Recently, as part of my research, I implemented a modified version of the algorithm detailed in this paper. While it was unsuitable for the intended purpose, the process did yield interesting results in the form of three-dimensional color-frequency histograms.
First, a quick introduction to the concept of a color space: Colors are usually described, additively (starting from black and adding light) or subtractively (starting from white and subtracting light). The former is usually used with screens and computer displays (which work by adding light), and the latter with print materials (which work by adding pigments, which subtract light). By no means does this depict every possible color, but it does an excellent job in specifying colors for use by digital devices. The RGB color space is the most commonly used color space in digital images, simply because its use makes it very easy for displays to directly use, and for printers (or other devices) to convert to the appropriate format.
RGB is usually specified by a set of three numbers (each representing the intensity of red, green or blue present in the final mix, as an integer from 0-255 or a fraction from 0-1). Since these three colors are assumed orthogonal in human perception, they can be drawn in a cube, with each color varying along one dimension of the cube. This means that each point in the cube can be described using a unique set of three numbers, and that each set of three intensities describes a particular, unique, color. The image below expresses this concept visually:
The purpose of a histogram is to calculate which colors are most popular in a very simple way. The entire RGB cube is divided into “bins” of equal size, where each bin corresponds to colors that belong to the same ranges of intensities of each primary color. The divisions in the image above divide the larger cube into 53 = 125 bins. It is important for the “size”, the range of colors that each bin encompasses, to be perceptually uniform. This is not the case in the RGB model, but we can live with the assumption for now. In the final histogram, each bin contains the total number of pixels in an image that fall within its range.
With all this knowledge, we can now see that a three-dimensional histogram is simply a record of the color distribution within an image, and so can be used to find out the particular color or color groups that are most common in an image. One particular image of interest is Jellyfish.jpg, from the sample pictures included in modern versions of Windows.
This image was processed to yield a 3D histogram as described above (but with 163 = 4096 bins) and converted into a “stacked” contour plot. Each layer in this stacked plot corresponds to moving towards the maximum intensity of red by one bin (or 1/16 of the maximum color). Within each layer, the colored lines enclose areas within the histogram that all contain more than a certain number of pixels. As in a geographical contour map, the minimum limit for each contour line increases linearly.
It is easiest to imagine that all the slices are vertically stacked and that lines of similar colors are connected between layers. Doing so will give you a series of polygons enclosing colors that all occur at least a certain minimum number of times. For quick reference, the color of each bin can be seen here:
It is easy to manually verify that the most common maximum colors are the dark blue of the background and the orange of the jellyfish.
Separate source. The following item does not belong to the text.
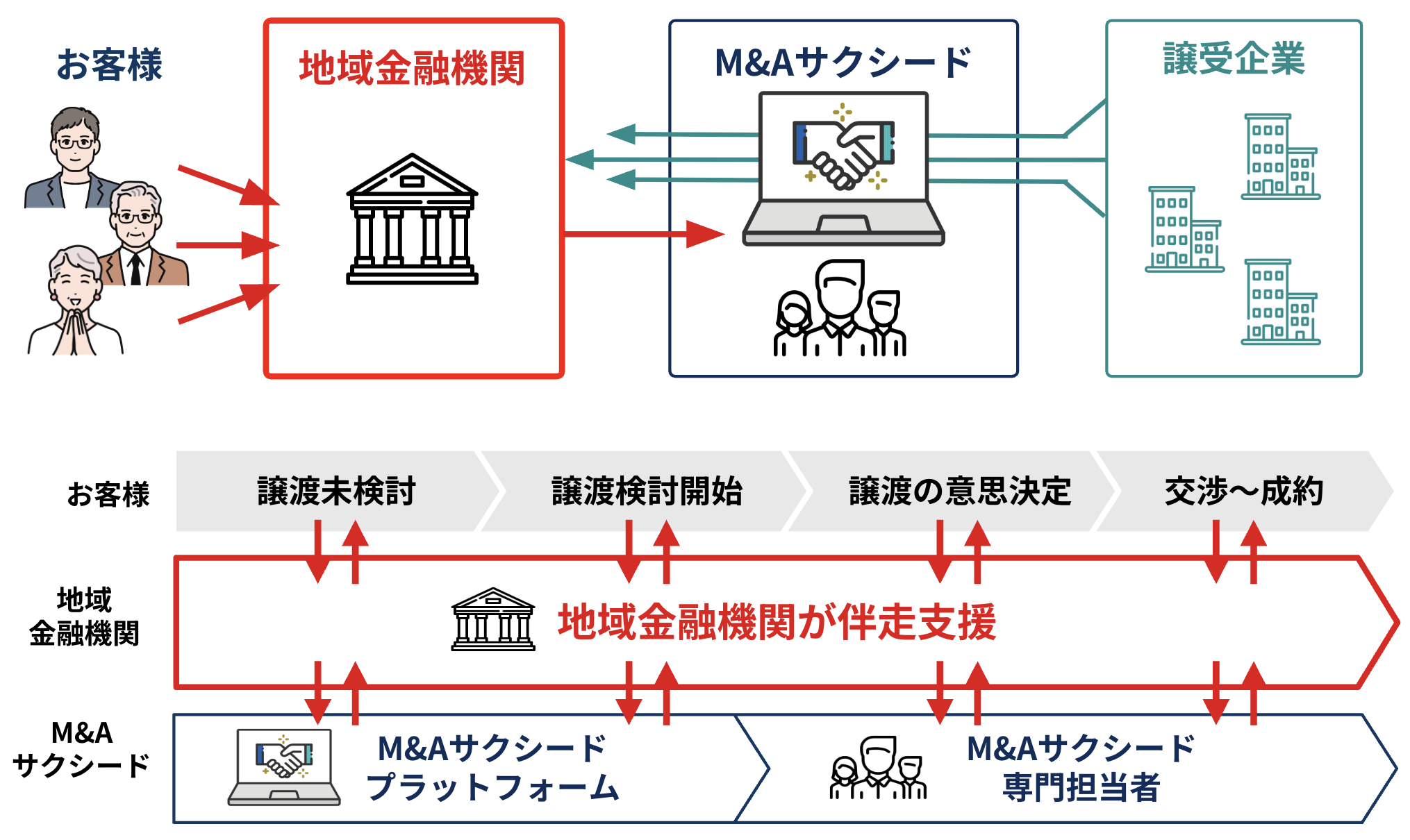 地域金融機関が一貫してお客様との接点を担い続けられるため、信頼関係を維持しながら、自行内マッチングと同時にM&Aサクシード上の全国の買い手とのマッチングが可能になります。これにより、従来の商圏にとらわれずにお客様の選択肢を最大化するとともに、譲受企業探しの長期化を防ぎ、適切なタイミングでのM&Aを支援します。

Of course, this particular histogram has been smoothed. The original histogram, as shown below, has considerably thin peaks, suggesting that colors within a group tend towards a central value rather strongly. A three dimensional Gaussian convolution matrix was applied (with σ = 1.33 bins) was applied to get the rather nice looking histogram above.
The whole process relies heavily on a few key assumptions. Perhaps the most important assumption is that the intensity of a particular color varies linearly with the value used to express it. As far as the RGB color space is concerned, this is not true. This leads to the process being non-representative in a number of important ways:
- Smoothing is not representative of colors perceived.
- Color grouping is likely to be too aggressive in colors where human eyes can differentiate shades the best and not sufficiently aggressive at other colors.
If you have managed to read this far, then congratulations! Here is the same data in other color spaces.
Do note that the Gaussian smoothing used does not “wrap around” the hue dimension in the smoothed HSV histogram.